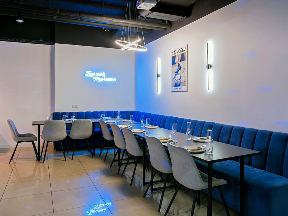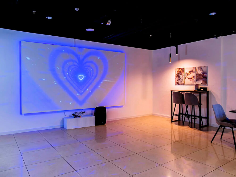 Зал GALLERY в Maybe Loft — это светлое пространство в бело-голубых тонах, оформленное картинами и фотозоной. Идеально подходит для мероприятий до 25 человек. Площадь зала — 40 кв.м. В стоимость аренды входят: проектор с экраном 3 м, колонка, диско-шар, караоке, фотозона, удобная мебель, посуда, уборка, возможность принести еду/напитки, настольные игры и бесплатный WI-FI, бесплатные 15 минут до начала мероприятия для подготовки.
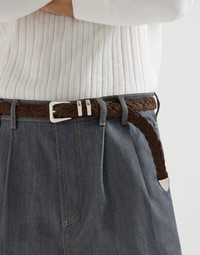 Reversed calfskin braided belt with tip
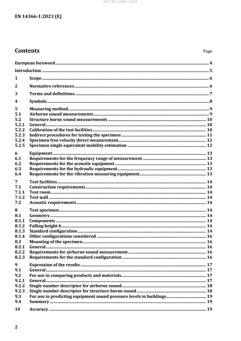 – določa laboratorijske merilne metode za določanje vhodnih podatkov, ki so potrebni tako za primerjavo izdelkov in materialov kot za napovedovanje ravni zvoka v stavbah ob uporabi standarda EN 12354-5. Te vhodne veličine so raven zvočne moči cevnega sistema za zvok, ki se prenaša po zraku, in tri veličine za zvok, ki se prenaša po konstrukciji (prosta hitrost cevnega sistema, blokirana sila in mobilnost), na podlagi katerih se določi nameščena moč cevnega sistema, vhodni vir za standard EN 12354-5;
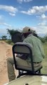 A safari guide has captured the incredible moment a tracker leading his safari vehicle came within inches of a huge elephant. The extraordinary footage shows the towering ele slowly waltzing past the vehicle, with the tracker sat exposed on a chair on its bonnet. The male elephant, known locally as Ezulwini which means Heaven in the Zulu vernacular, is in his ‘prime’ and aged around 45 to 50-years-old. Normally, this means the dominant males can be aggressive, particularly to unwanted attention from safari vehicles. A number of videos have shown the animals reacting to cars and even ramming them. But Ezulwini has been dubbed the gentlest giant, as he repeatedly enjoys getting up close and personal with tourists. The unfazed ele can even be seen in the video clip glancing the legs of the safari tracker, Themba Zwane, who freezes in position with his camera after spotting Ezulwini inching closer. But as the group of tourists in the vehicle hold their breath, the gracious animal glides past offering an incredible encounter. Matthew Sussens, a safari guide who grew up in the Greater Kruger area, captured the incredible moment in the neighboring Balule Nature Reserve.
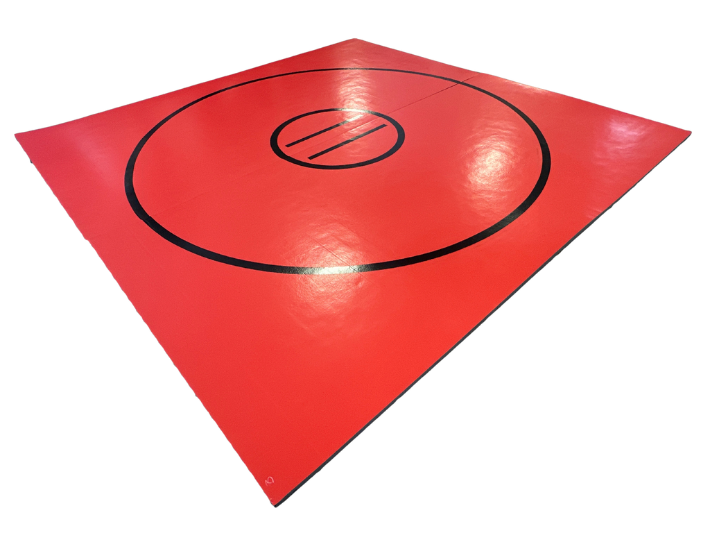 Clearance 12' x 12' x 1 3/8" Roll-Up Wrestling Mat -Red Mat with Black Circles and Lines
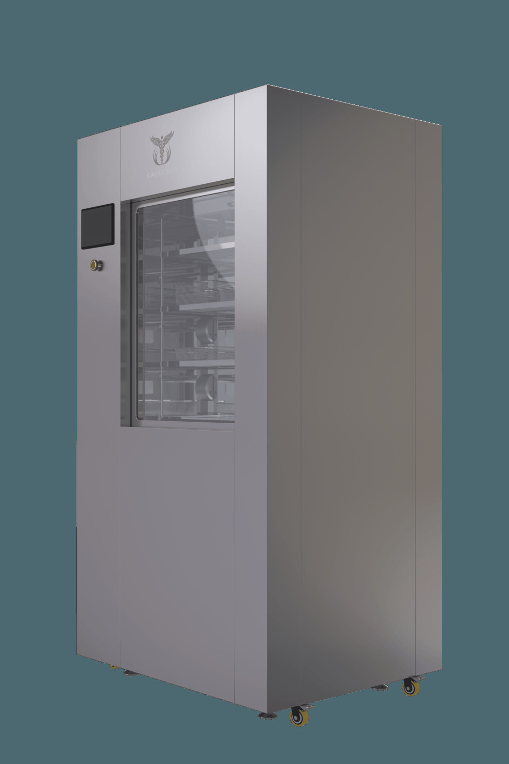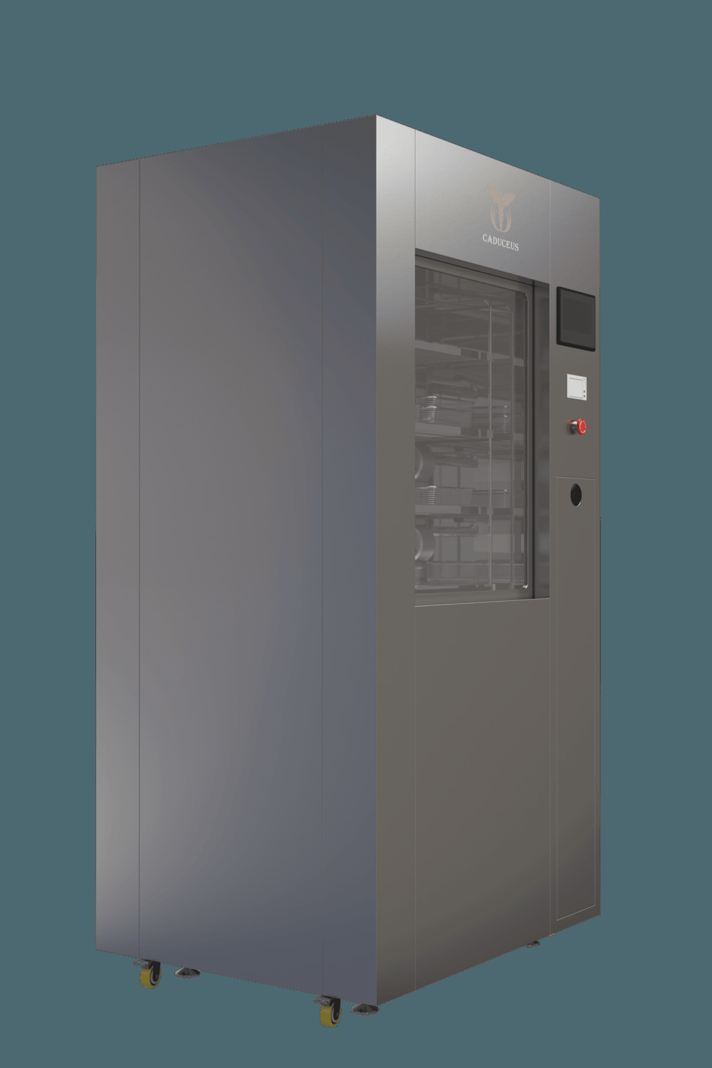 Управление CADUCEUS PURE A300 осуществляется с помощью удобного сенсорного экрана, который синхронизируется с внутрибольничной информационной системой (RS485), позволяя фиксировать и хранить данные обо всех этапах обработки. Дополнительно предусмотрена функция автоматической печати отчета о проделанных операциях.
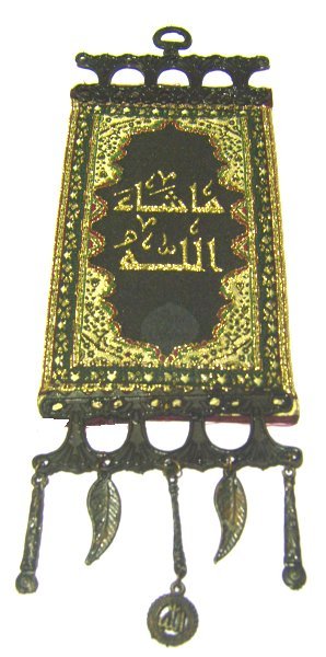 Pendentif tissé doré avec l'inscription "Masha-Allah". Les extrémités sont en métal.
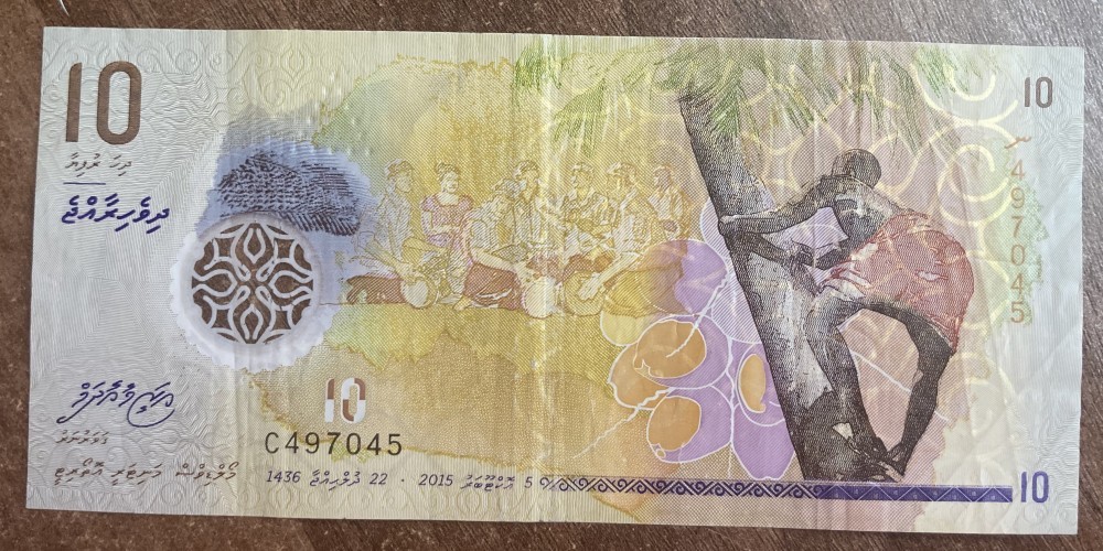 B11 2 - Bancnota foarte veche - Maldive - 10 rufiyaa - 2015
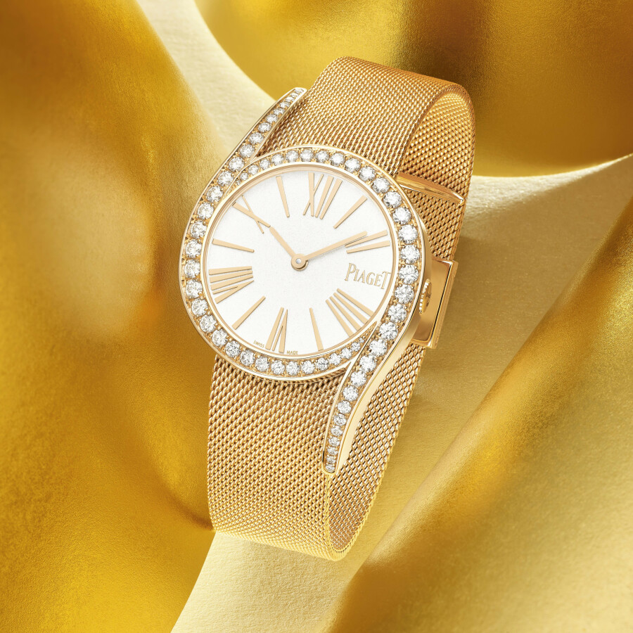 Une forme reconnaissable entre toutes, la griffe créative de Piaget. Créée en 1973, la Limelight était au sommet de ce que l’on nommait la Piaget Society et qui comptait en ses rangs des membres de prestige tels que Salvador Dali, Jackie Kennedy, Elizabeth Taylor, Andy Warhol, Cary Grant ou Sami Davis Jr. Avec ses courbes sensuelles, son boîtier au profil cambré et ses cornes asymétriques qui s’allongent de chaque côté du boîtier pour venir rejoindre le bracelet, la Limelight Gala de Piaget s’inspire de l’esprit extravagant des années 1960. L’interprétation moderne de la Limelight Gala reprend le design de l’époque, caractérisé par un boîtier et des cornes parfaitement intégrés, assortis à un tourbillon de pierres précieuses, de cadrans décorés et de bracelets en or.
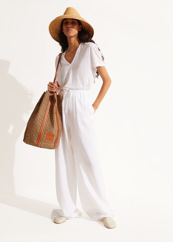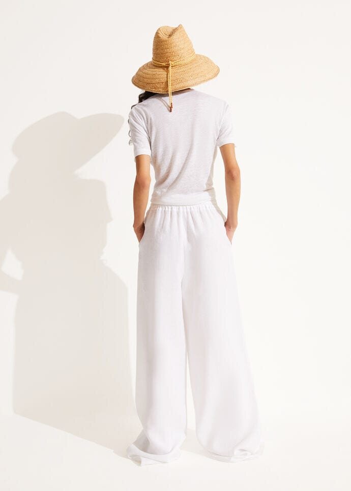 Inspired by lazy days spent lounging on faraway beaches, these relaxed, wide-legged Loro Piana pants are defined by a natural linen fabric weave. The material is treated with a soft aloe finish that resists wrinkles, while providing a flowing drape. A comfortable, loose-fitting style featuring an elastic drawstring waist that is perfect for summertime lounging.
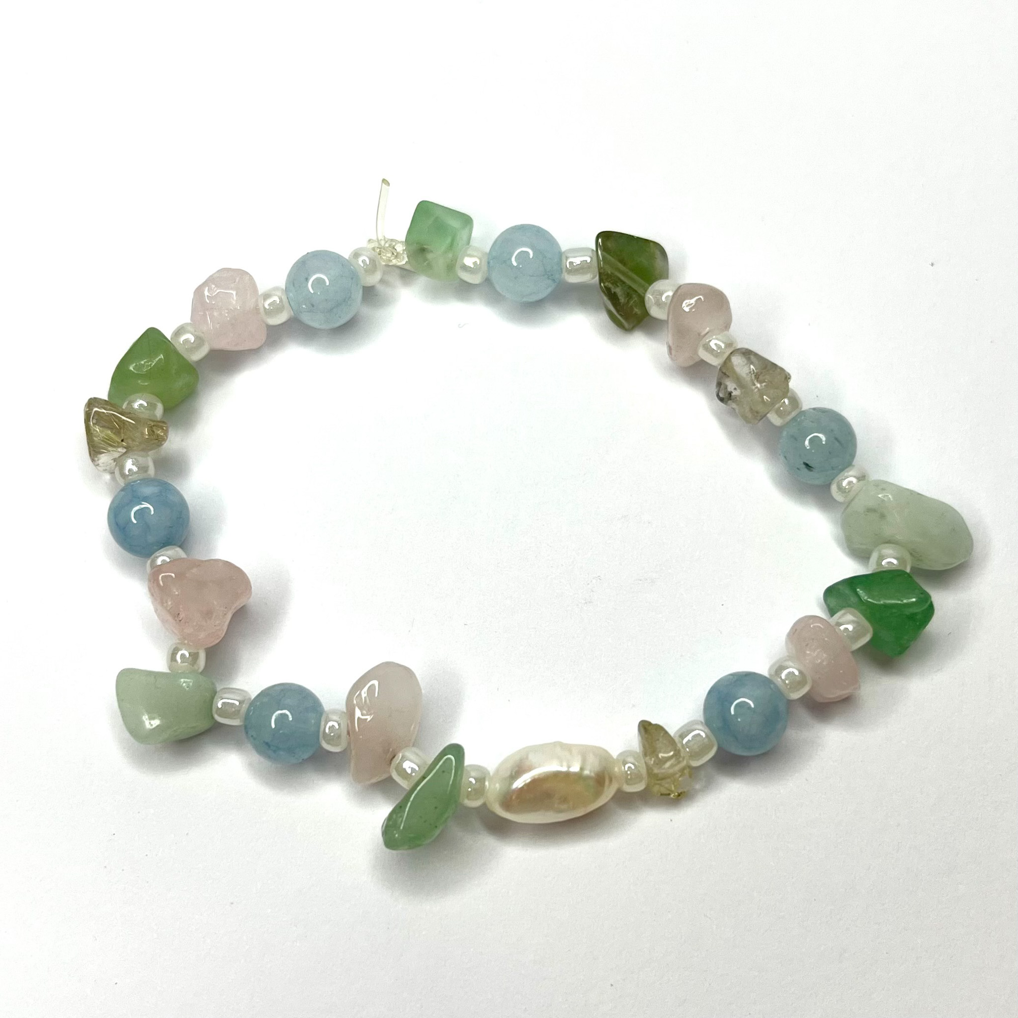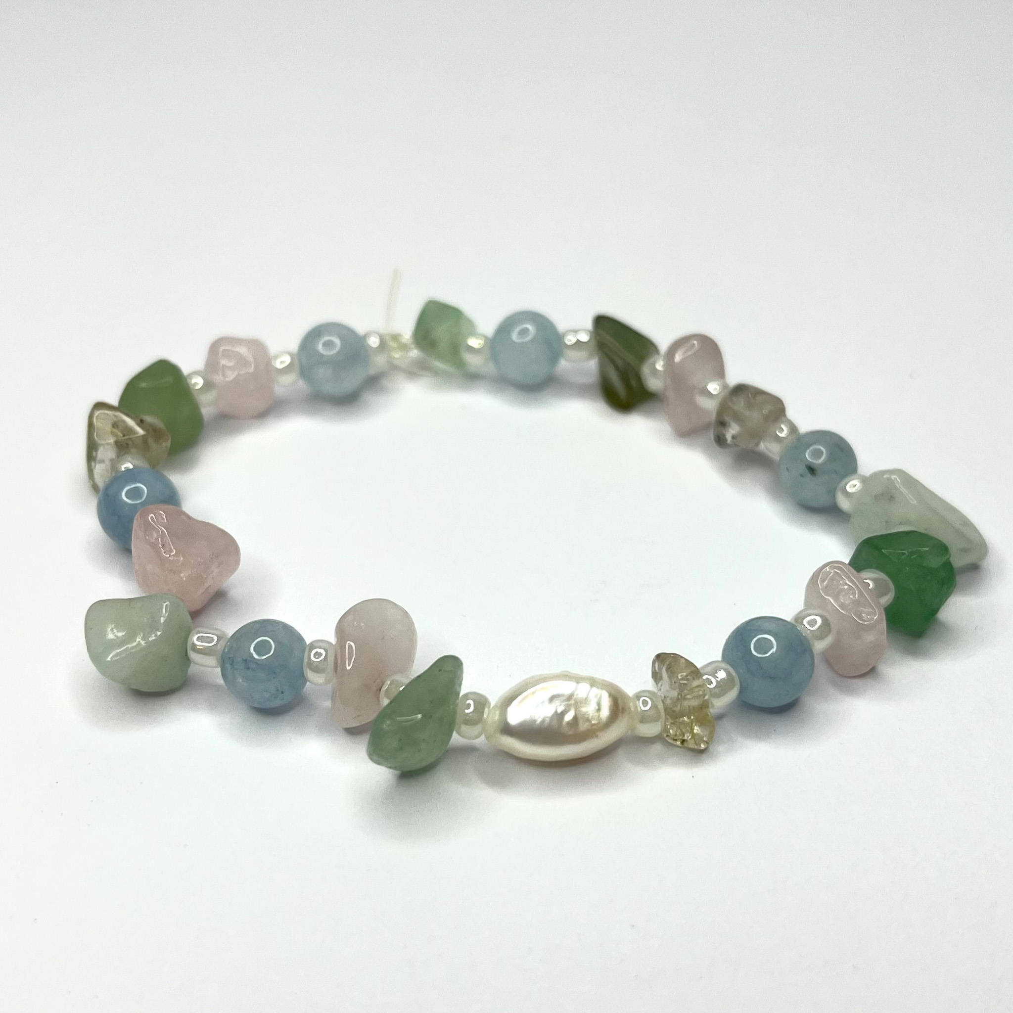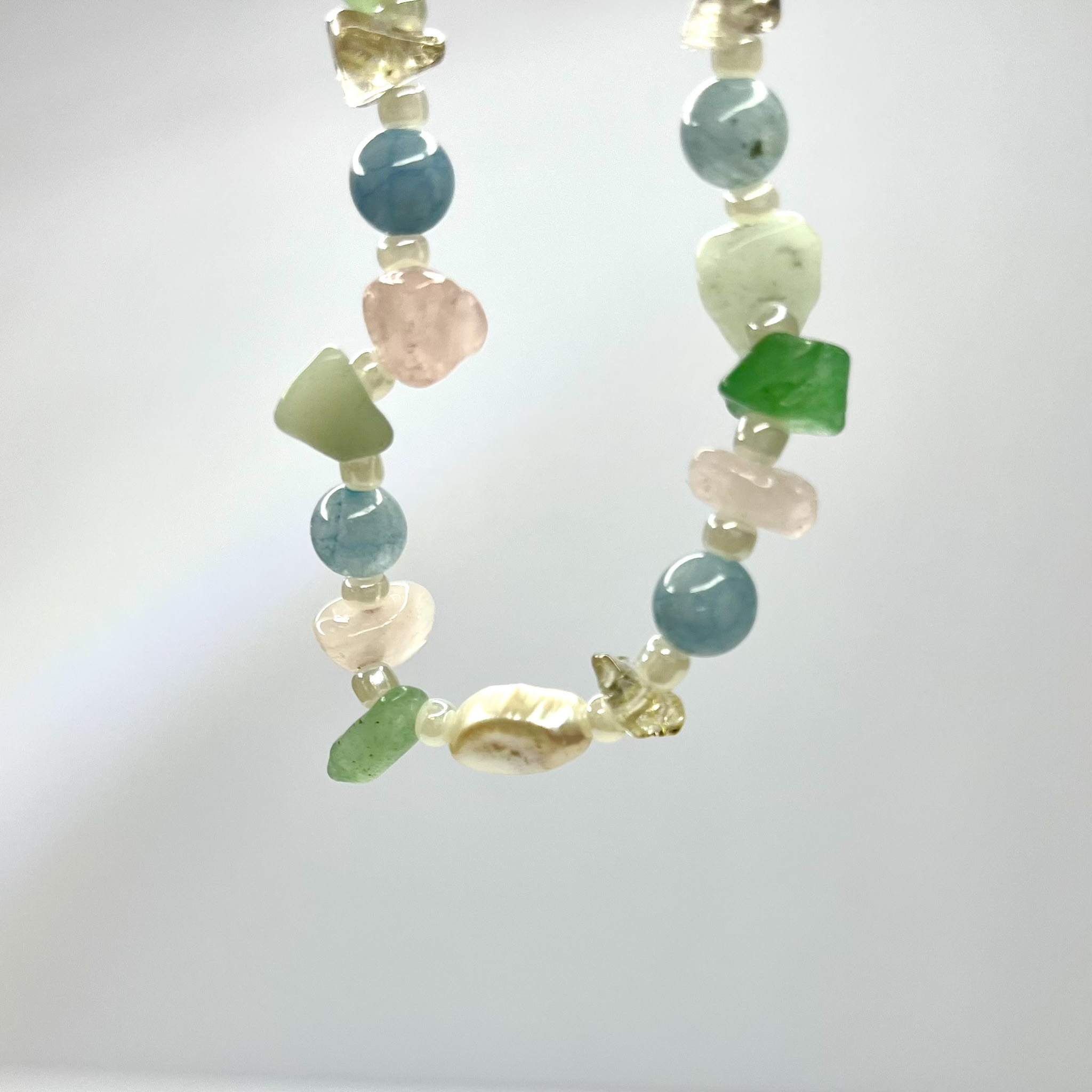 · Perla de Río, Cuarzo Rosa – Jade – Citrino – Ágata Celeste.
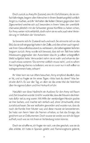 Doch zurück zu Anny. Ihr Zustand, eine Art Gefühlsstarre, die sie ein-
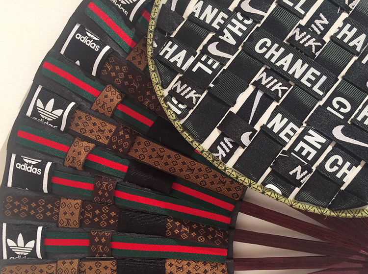 Fans Hand fan, Counterfeit label tag ribbon (Versace, Moschino, Dior, Adidas, Nike, etc.), various sizes, smartphone holder, 2017
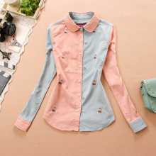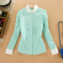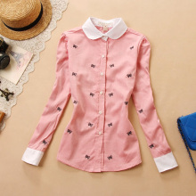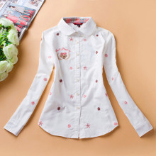 小熊维尼2016春秋装学院风少女学生纯棉衬衫绣花修身长袖打底衬衣
######
Work required:
Write the lines out word for word, starting at the one with "Pendentif tissé doré" and stopping after the last line of the material above, with pictures excluded.

Answer to the exercise:
 Pendentif tissé doré avec l'inscription "Masha-Allah". Les extrémités sont en métal.
 B11 2 - Bancnota foarte veche - Maldive - 10 rufiyaa - 2015
 Une forme reconnaissable entre toutes, la griffe créative de Piaget. Créée en 1973, la Limelight était au sommet de ce que l’on nommait la Piaget Society et qui comptait en ses rangs des membres de prestige tels que Salvador Dali, Jackie Kennedy, Elizabeth Taylor, Andy Warhol, Cary Grant ou Sami Davis Jr. Avec ses courbes sensuelles, son boîtier au profil cambré et ses cornes asymétriques qui s’allongent de chaque côté du boîtier pour venir rejoindre le bracelet, la Limelight Gala de Piaget s’inspire de l’esprit extravagant des années 1960. L’interprétation moderne de la Limelight Gala reprend le design de l’époque, caractérisé par un boîtier et des cornes parfaitement intégrés, assortis à un tourbillon de pierres précieuses, de cadrans décorés et de bracelets en or.
 Inspired by lazy days spent lounging on faraway beaches, these relaxed, wide-legged Loro Piana pants are defined by a natural linen fabric weave. The material is treated with a soft aloe finish that resists wrinkles, while providing a flowing drape. A comfortable, loose-fitting style featuring an elastic drawstring waist that is perfect for summertime lounging.
 · Perla de Río, Cuarzo Rosa – Jade – Citrino – Ágata Celeste.
 Doch zurück zu Anny. Ihr Zustand, eine Art Gefühlsstarre, die sie ein-
 Fans Hand fan, Counterfeit label tag ribbon (Versace, Moschino, Dior, Adidas, Nike, etc.), various sizes, smartphone holder, 2017
 小熊维尼2016春秋装学院风少女学生纯棉衬衫绣花修身长袖打底衬衣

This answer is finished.